Mulungushi International Conference Centre Limited (MICCL) has declared its first-ever dividend of K8.3 million to the Industrial Development Corporation (IDC), its shareholder.
The dividend declaration follows a strong financial performance in the 2023 financial year, driven by strategic improvements and increased market demand.
According to IDC, the 2023 financial year was marked by significant progress, with Mulungushi International Conference Centre Limited recording a 79% increase in revenue compared to the previous year.
The company reported a net profit after tax of K23.714 million, representing a 35% growth from K17.526 million in the previous year.
Its revenue rose sharply to K102.551 million, from K57.230 million, driven primarily by increased demand in conferencing, food and beverage, and outside catering services.
Centre Board Chairperson, Leah Kooma, attributed the achievement to the IDC’s support and the Board’s commitment to sustainable growth.

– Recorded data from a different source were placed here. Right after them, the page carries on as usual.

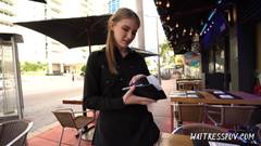 A garçonete aceita a proposta de foder por algum dinheiro.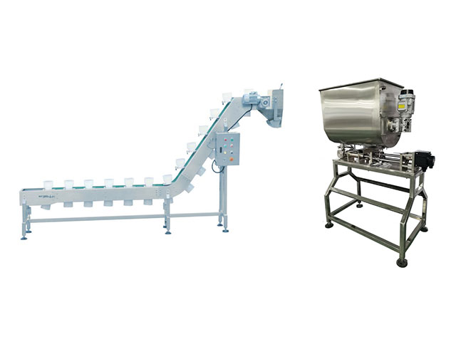 這套設(shè)備是人工稱重+碗式提升機+給袋式包裝機+灌裝機組合而成。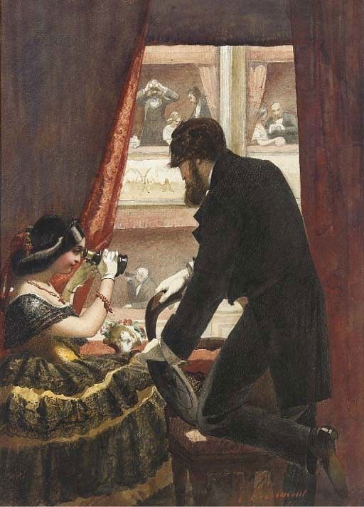 Dans cette scène vue depuis une loge, une femme élégante observe la scène à l’aide de jumelles tandis qu’un homme se penche vers elle. Derrière eux, la salle apparaît en profondeur, animée par les spectateurs et les lumières. La scène elle-même reste secondaire. L’attention se concentre sur le jeu des regards, la proximité des corps, la mise en scène sociale du théâtre. L’opéra devient ici un espace de représentation double : celui du spectacle et celui des relations humaines.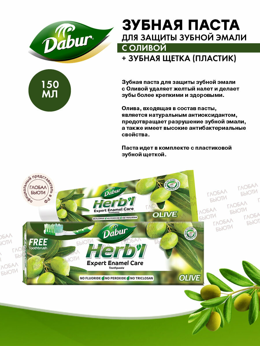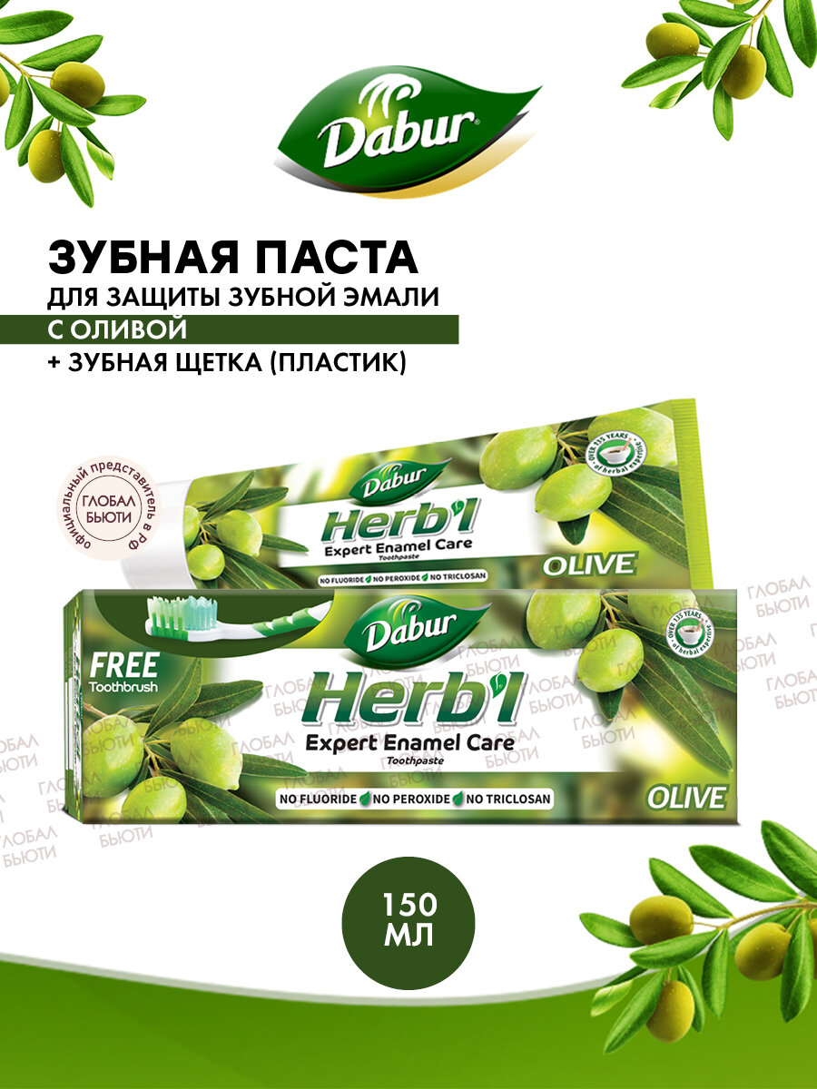 Зубная паста Dabur Herb’l Olive (с экстрактом оливы) 150 гр. в комплекте с зубной щеткой
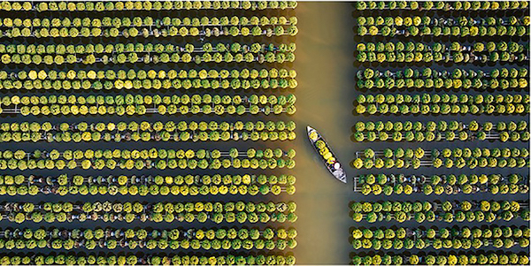 Tuấn says, “I love taking photos of landscapes and traditional craft villages in my country, especially the golden chrysanthemums growing village in Sadec, Dong Thap, Vietnam because of the way farmers have relied on nature and terrain to choose the right way to grow flowers. Sadec was formed on the tributaries of the Mekong River (one side is the Tien River, the other side is the Sa Dec River). These two tributaries of the river deposit alluvium, have good humidity but are also often flooded and have high tides, perhaps that is why farmers here build high trellises to grow flowers on to avoid flooding, and take advantage of the water source below to water the plants and limit pests as well as use boats to transport plants during harvest. In the last lunar month of the year, it will be the harvest season.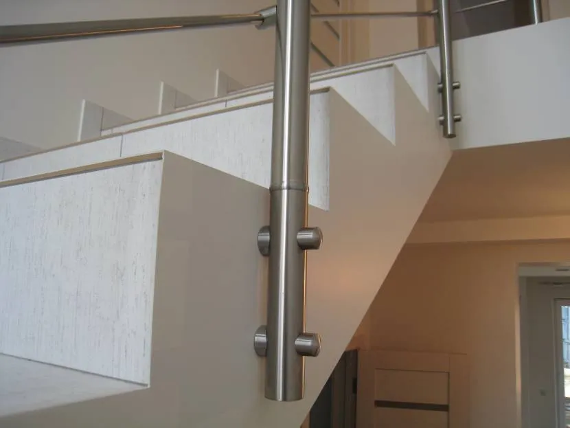В установленные подпятники вставляются металлические балясины/стойки, выставляются строго вертикально, привариваются. «Прихватывать» лучше с четырех сторон — чтобы исключить возможность отклонения в любую сторону. На этом установка балясин из металла (нержавеющей, никелированной, хромированной стали) закончена. Дальше только надо установить поручень, что тоже не особо сложно.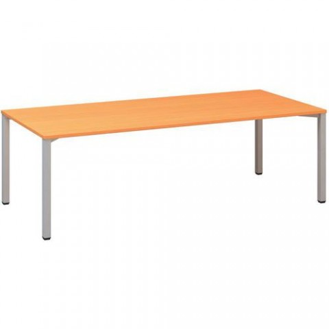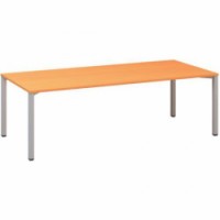 Jednací stoly Alfa 420 v pěti barevných provedeních. Desky stolu jsou vyrobeny z laminované dřevotřísky tloušťky 25 mm s ABS hranou 2 mm. Rámové podnoží je tvořeno dvěma sestavami kovových nohou o průřezu 5 x 5 cm. Obě sestavy nohou jsou spojeny železným profilem, který rovněž slouží jako výztuha stolové desky. Nohy jsou opatřeny rektifikací v rozsahu 15 mm pro vyrovnání nerovností podlahy. Díky povrchové úpravě epoxy-polyesterovou barvou se podnoží vyznačuje vysokou odolností proti všem druhům poškození v běžném kancelářském provozu. Konferenční stoly splňují normy ISO9001, ISO14001, ČSN18001, Ekologicky šetrný výrobek.Konferenční stoly Alfa 420 s šedým podnožím, 240 x 100 x 74,2 cm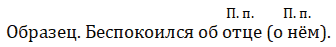 Беспокоился об отце (о нём), поверил в победу (в неё), увидел салют (его), любовался пейзажем (им), сделал из металла (из него), извинился перед товарищем (перед ним), спросил у директора (у него), подъехал к вокзалу (к нему), доверил ученице (ей), мечтал о путешествиях (о них), дружил с космонавтом (с ним).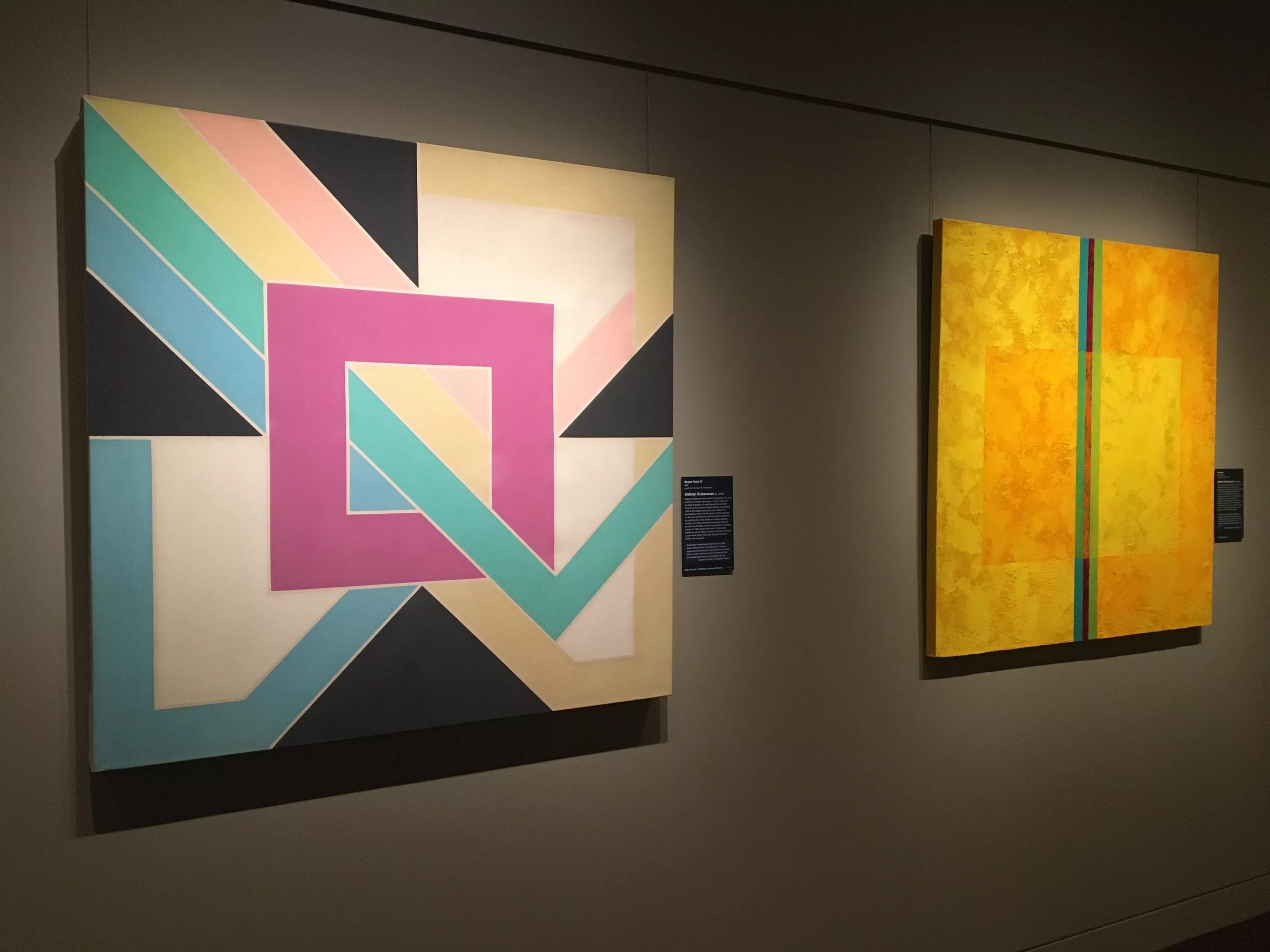 Sidney Guberman’s “Reyes Point III” (left) and “Untitled,” by Robert Strohmeier, in New Year/New View at the Kirkland Museum of Fine & Decorative Art.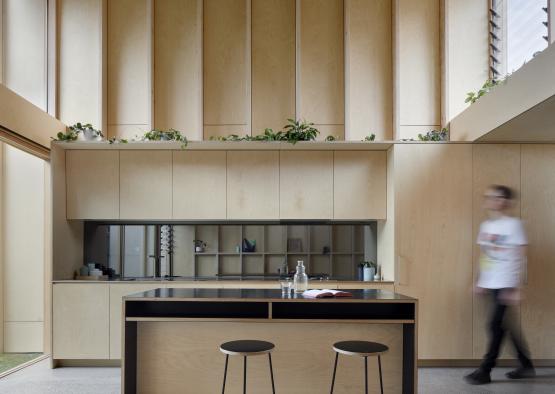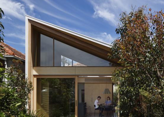 This residential addition showcases timber to create a warm and detailed space, in contrast with the retained brick portion of the original Edwardian terrace house.
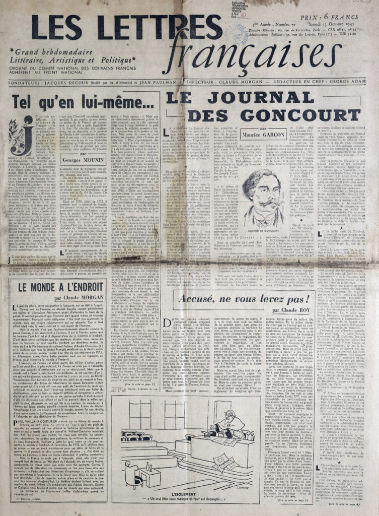 “LES LETTRES Françaises”, 5me Année – Numéro 77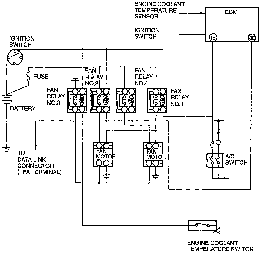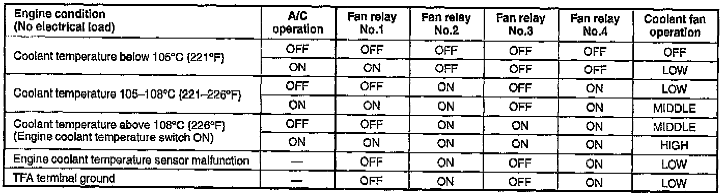 To improve idle smoothness and engine reliability, the electrical coolant fan control system controls the electrical fan speed by ECM (Engine Control Module). This system consist of the coolant fan, fan relays, ECM, and input devices.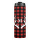 White Deer Antlers Buffalo Karo Kariert & Initial Thermosbecher

Ms. Kooma emphasized the impact of strategic investments, robust stakeholder engagement, and operational efficiency as key drivers of the Centre’s strong performance.
“I commended the dedication of both the Board and management in executing the company’s strategic plan, while maintaining a consistent focus on delivering premium conferencing and catering services to corporate and individual clients alike,” Ms. Kooma stated.
And IDC Board Member Dr. Windu Matoka expressed appreciation for the hard work and commitment demonstrated by the Center’s Board and Management team.
“We commend the Board and management for this huge milestone. We encourage you to build on this momentum and continue driving the company’s growth and long-term success in order to contribute positively to the National Gross Domestic Product,” Dr. Matoka said.
MICCL now joins ZAMCARGO, another IDC subsidiary, in declaring a first-ever dividend this year.
In line with its strategy to enhance operational efficiency, the Centre continued to outsource non-core services including gardening, security, and housekeeping, resulting in estimated cost savings of over 81%.
IDC reports that this approach has enabled the company to concentrate resources on its core business functions, ensuring consistent delivery of high-quality services to clients across Zambia.